Christian Rubio | Executive Director
EverythingALS

Christian Rubio is Executive Director at EverythingALS, a digital biomarkers and endpoints research non-profit serving the ALS/ MND community through the validation of new measures via remote tracking of disease progression and the lived experience. An experienced advocacy leader who has worked on the non-profit and biopharma sides of the drug research and development collaboration space, Christian leads the organization’s pre-competitive digital health technology consortium of biopharma companies and community engagement.   Prior to this role, Christian served as Vice President and Global Head of Advocacy at Praxis Precision Medicines, overseeing patient, advocacy and policy engagement across the company’s epilepsy and movement disorder franchises. Prior to his role at Praxis, Christian served as the Vice President of Strategic Advancement at Global Genes, where he led strategic partnerships, advocacy engagement and digital transformation. As leader of the organization’s health equity, diversity, and inclusion programming, he launched the Global Genes’s Rare Health Equity Summit, and led the formation of a strategic partnership with the Black Women’s Health Imperative’s Rare Disease Diversity Coalition, co-chairing their Addressing Delays in Diagnosis Working Group.
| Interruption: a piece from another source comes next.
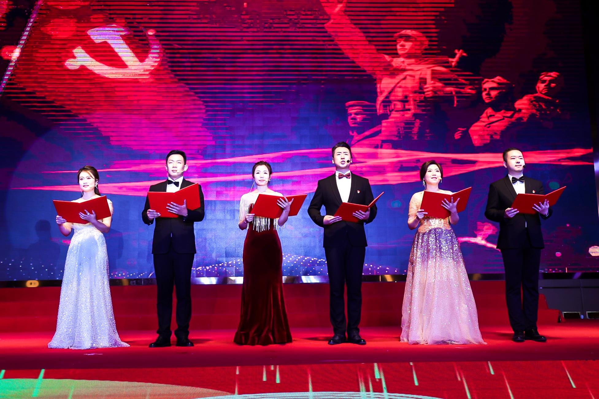 演出現(xiàn)場,燈火輝煌。舞臺中央的LED大屏幕上,金色的黨徽熠熠生輝,中國共產(chǎn)黨成立100周年慶?;顒訕俗R亮麗奪目。紅色背景在璀璨的水晶燈的照射下,給金燦燦的天花板鍍上一層鮮紅,宛如早晨天邊初生的朝霞,充滿希望??犊ぐ旱呐瘓鲆魳?,營造出和諧向上的良好氛圍。

Prior to his leadership at Global Genes, Christian was a Marketing executive overseeing patient and HCP engagement at PlatformQ Health and SERMO. His mobile and consumer technology experience extends from his years as head of Community and Platform Operations in mobile gaming and social networking apps, where he oversaw global support operations and customer insights teams. Christian received his undergraduate degree in Political Science and Philosophy from Williams College, a Masters in Political Management from the George Washington University and his MBA in technology entrepreneurship from the Olin School of Business at Babson College. He now splits his time between Boston, Massachusetts, Palo Alto and Washington, DC and continues to volunteer with a number of rare neurodevelopmental disorder organizations on building their data collection and insight collection strategies.